2. The text-oriented single-core HOG efficient heterogeneous acceleration method according to claim 1, wherein in step S1, the work item is the smallest work unit in OpenCL; the cell unit is an image minimum dividing unit; each cell comprises a plurality of connected pixel areas with uniform sizes of Cx×Cy, the total pixel size of the window image is Wx×Wy, and the generated two-dimensional index is (Wx, wy).

3. The text-oriented single-core HOG high-efficiency heterogeneous acceleration method of claim 1, wherein the differential template in step S2 is [ -1,0,1].

4. The text-oriented single-core HOG efficient heterogeneous acceleration method according to claim 2, characterized in that the global index in step S5 has a size (Wx/Cx, wy/Cy).

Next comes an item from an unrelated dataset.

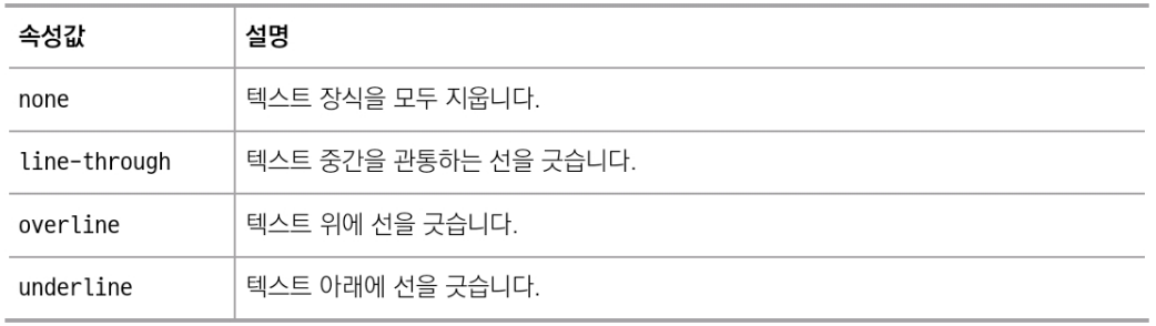 a 태그를 이용하여 링크를 걸면 기본으로 텍스트 아래에 선이 그어지는 이유가 이 속성의 값이 underline이 되어 있기 때문이다.

5. The text-oriented single-core HOG heterogeneous acceleration method of claim 4, wherein the global index size at parallel reduction in step S7 is (Wx/Cx, wy), using a total of Wx x Wy/Cx work items.

6. The text-oriented single-core HOG efficient heterogeneous acceleration method according to claim 5, wherein the first parallel reduction in step S7 uses Cy/2 work items in total to count two columns of gradients; the second parallel protocol uses Cy/4 work items to count two columns of gradients in total, and then uses the previous 1/2 work items to count gradients in sequence until the gradient statistics is completed.